Lady Be Bad
In Lady Be Bad, the kick-off to Megan Frampton’s newest series, Lady Eleanor Howlett is carrying the burden of resurrecting her family’s reputation after her younger sister ran off with a dance instructor (the horror!). Thus, she must marry the man chosen for her, one Lord Carson. Lord Carson, is far too busy running his estates to get to know the woman he is to marry, so he dispatches his younger brother Alexander to do the job. Alexander and Eleanor quickly discover a compatibility that not only pushes the boundaries of propriety, but decimates them completely.
In order to maintain the conceit of Eleanor’s betrothal to Lord Carson, while continuing to develop the relationship with Alexander, Ms. Frampton has to do some high-wire tricks with truth and deceit. To her credit, she executes it successfully, complete with her trademark banter and strong characterizations. I greatly enjoyed these characters and getting to know the other sisters with whom we will inevitably spend more time as the series progresses. I did have an issue with the use of deceit as a major plot point, as it’s one barrier I cannot cross, but even if, like me, you are averse to this plot device, I’d still actually recommend the book. Just know going in that you’ll be spending time with lovely people forced by circumstances to engage in cloak and dagger antics to explore their love for one another. Get past that, however, and then get to know these folks.

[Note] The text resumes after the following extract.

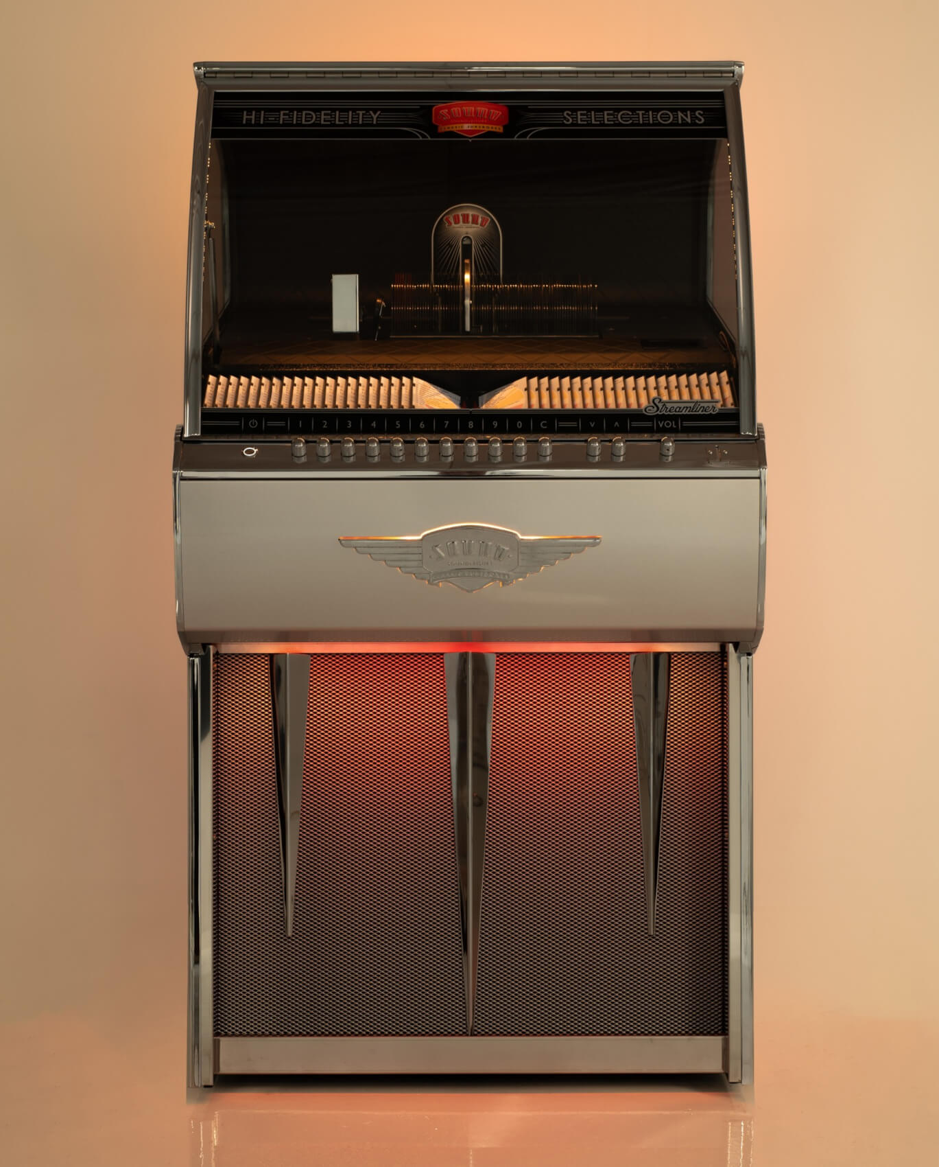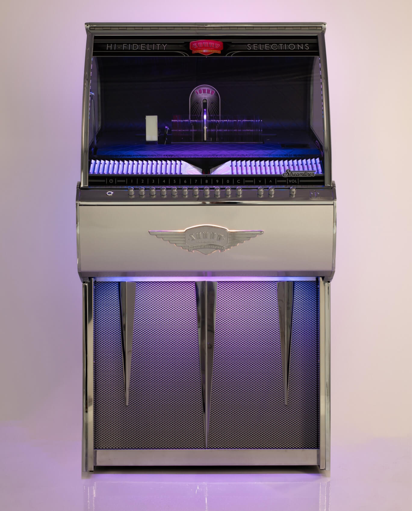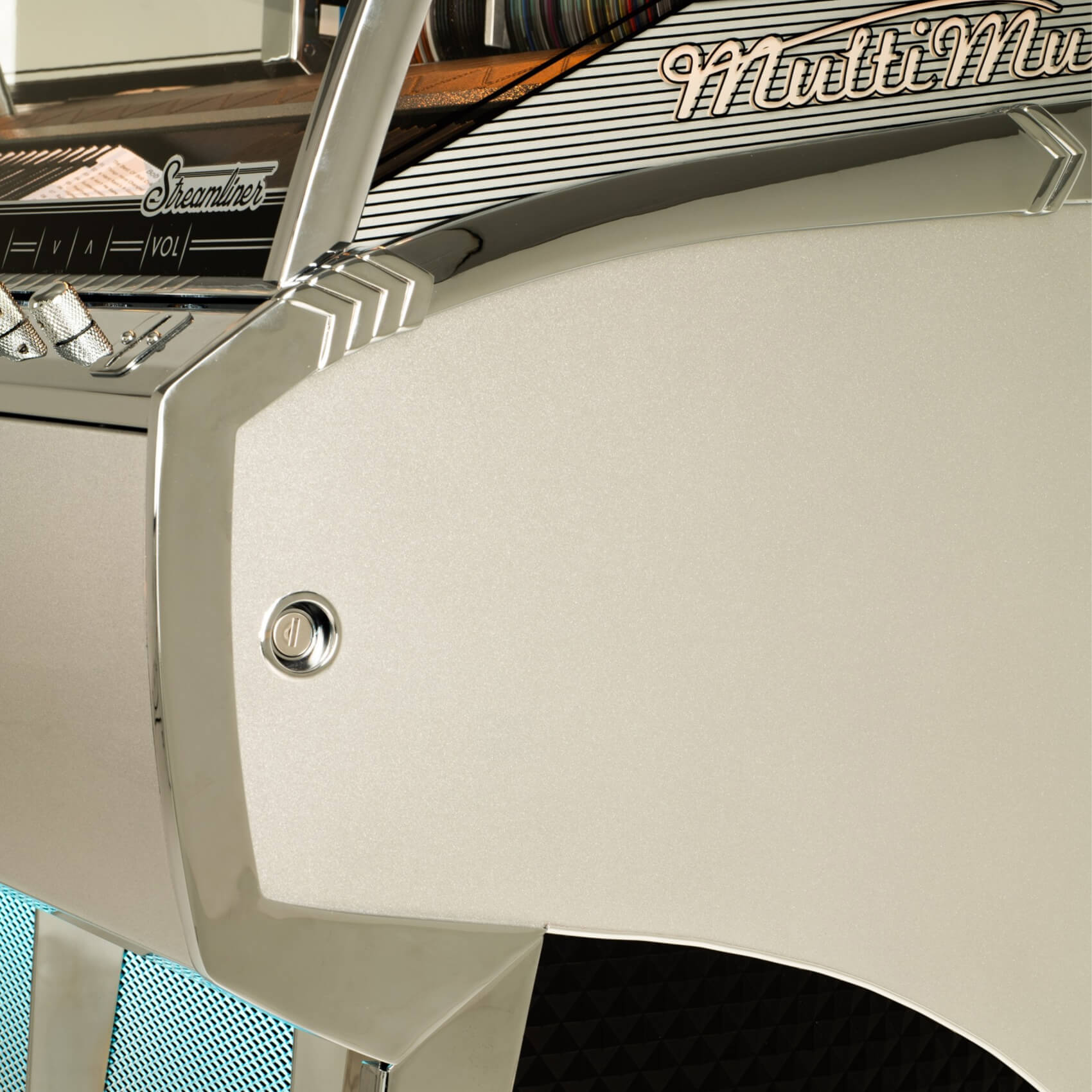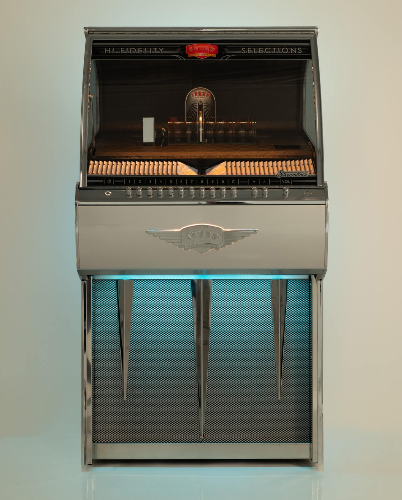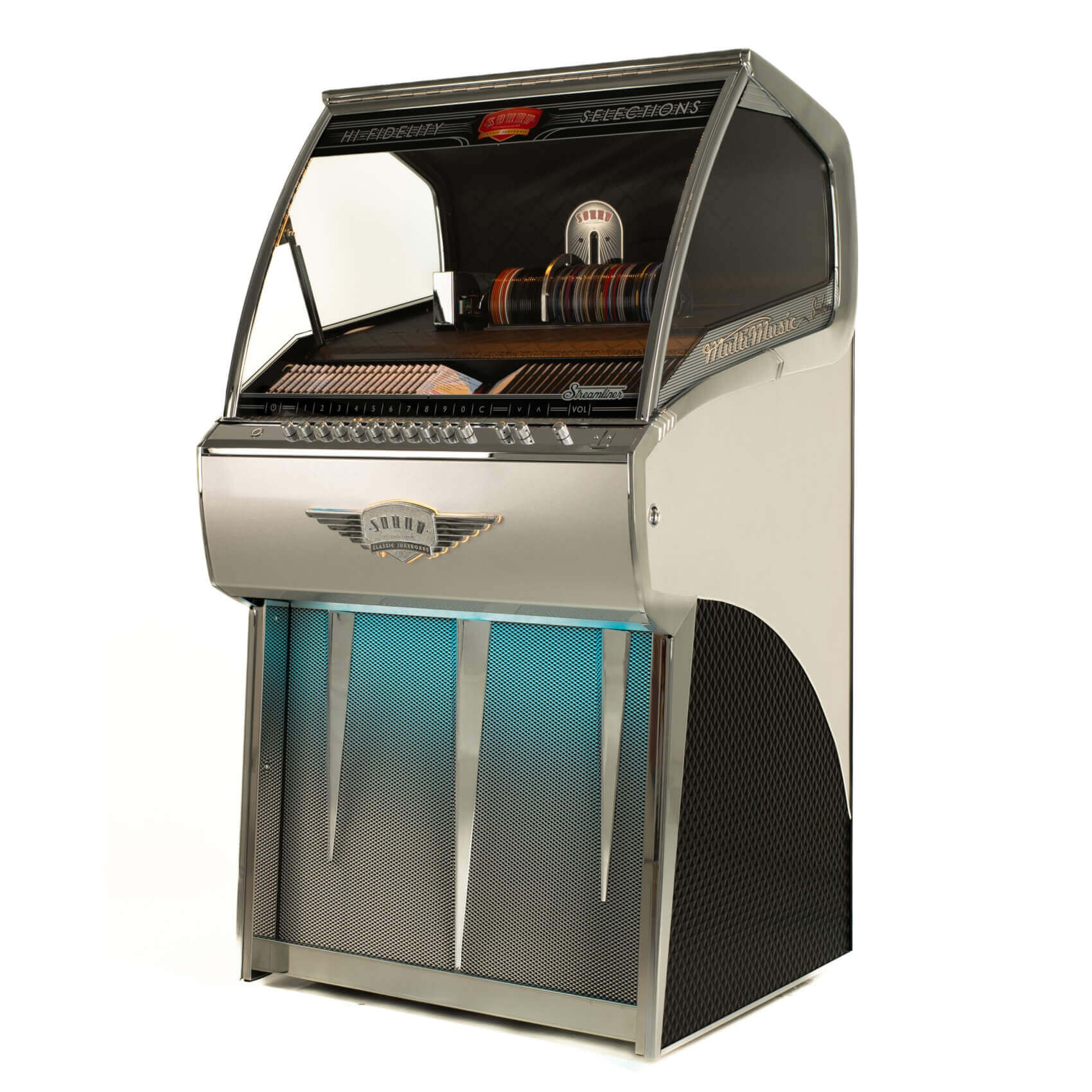 It features a deep gloss silver finish which is expertly created by priming, painting and polishing the cabinet by hand. The Rocket CD jukebox is fitted with high-quality aluminium trimmings, knurled aluminium control knobs and a stylish pyramid texture V-shaped grille base. All of these stand-out details come together perfectly to make the Rocket CD Jukebox a go-to centrepiece suitable for any home, office or hospitality space!

The scenes in the bookshop are worth the price of admission alone, I promise.
So, with that out of the way, why should you read this book? First of all, it has a fantastic focus on female agency. Eleanor is determined to do right by her sisters; not only the three remaining in the house, but by the one who abandoned them. While she is constrained for sure, the idea of her making choices is a theme throughout the novel. When it comes time to make a choice between social propriety and love, the conversations Eleanor has with her sisters about the topic is lovely. In a time period where women’s agency was so very limited, it’s an excellent reminder to read something where the characters still struggle with that.

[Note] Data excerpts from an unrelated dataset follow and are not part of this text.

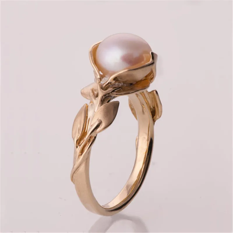 Natural Pearl Ring Fashion Rose Gold and Silver Ring For Women Marriage Engagement Party Jewelry Ring
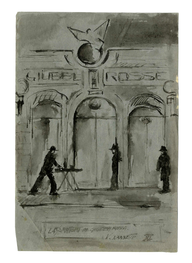 Vieri Nannetti, Lavoratori in giubba rossa. 1933. Acquerello su carta antracite. mm 245c160. Titolato, firmato e datato con la numerazione dell'era fascista al margine inferiore. (1)
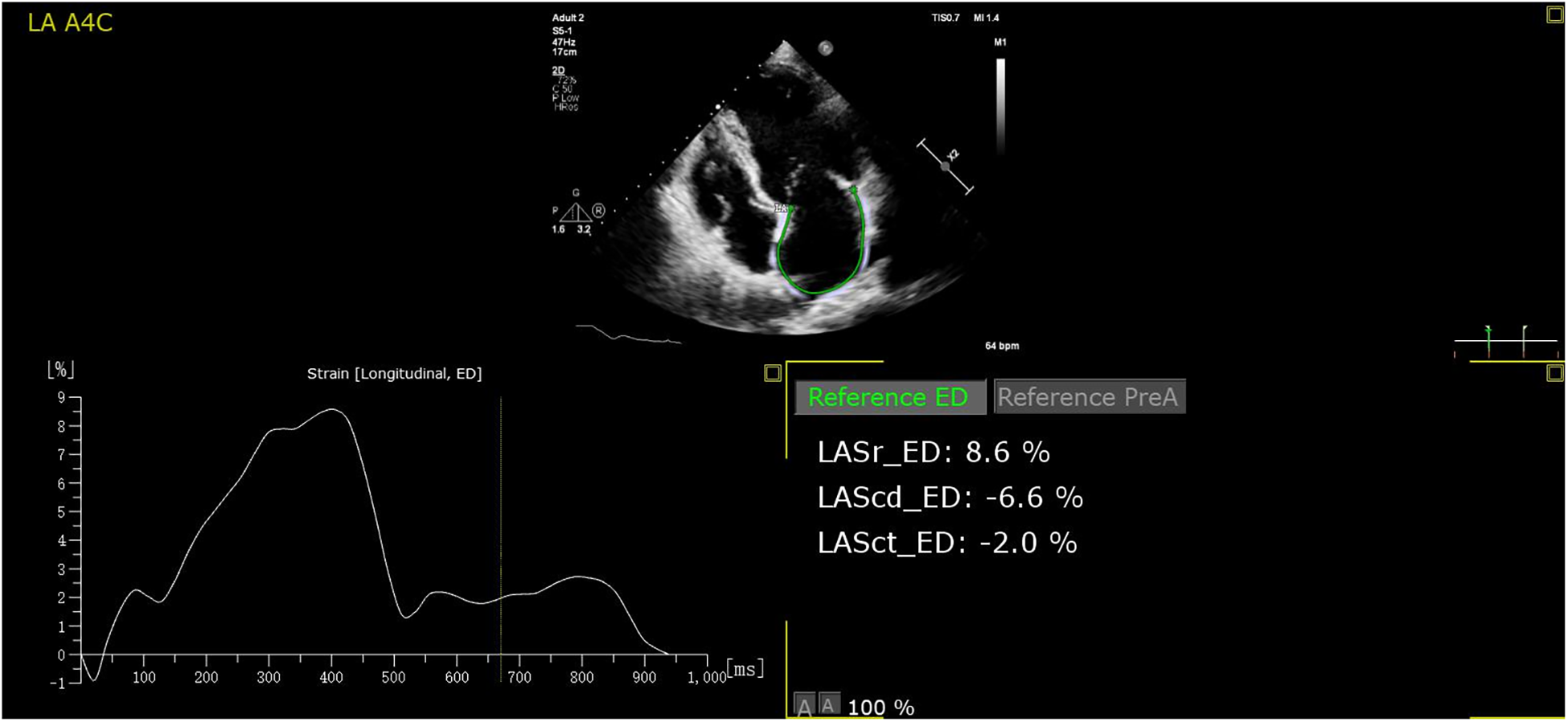 The auto strain LA algorithm acquires the LA strain parameters at both end-diastole automatically. LASr, LASreservoir; LAScd, LASconduit; LASct, LASpump.

Second of all, Alexander is hot as hell and his dedication to making Eleanor see herself that way as well is, shall we say, admirable.
Third of all, Alexander’s hero’s journey is lovely. He can’t imagine himself in the prescribed role of the spare, and so has convinced himself that his activities are worthless, even when they are lovely and for the public good. Through embracing the vulnerability he feels with Eleanor, Alexander learns that his role in the family is distinct but significant and has grown into himself fully by the end of the novel.
There is much to enjoy in Lady Be Bad, which was a complete delight once I set aside the lying part. I’m very much looking forward to further installments in this world – especially considering a certain letter sent to Eleanor towards the end of the novel. Those of you who get there – did you see it coming? Anyway, thanks for this introduction to the sisters, Ms. Frampton! I cannot wait to see where your pen takes them.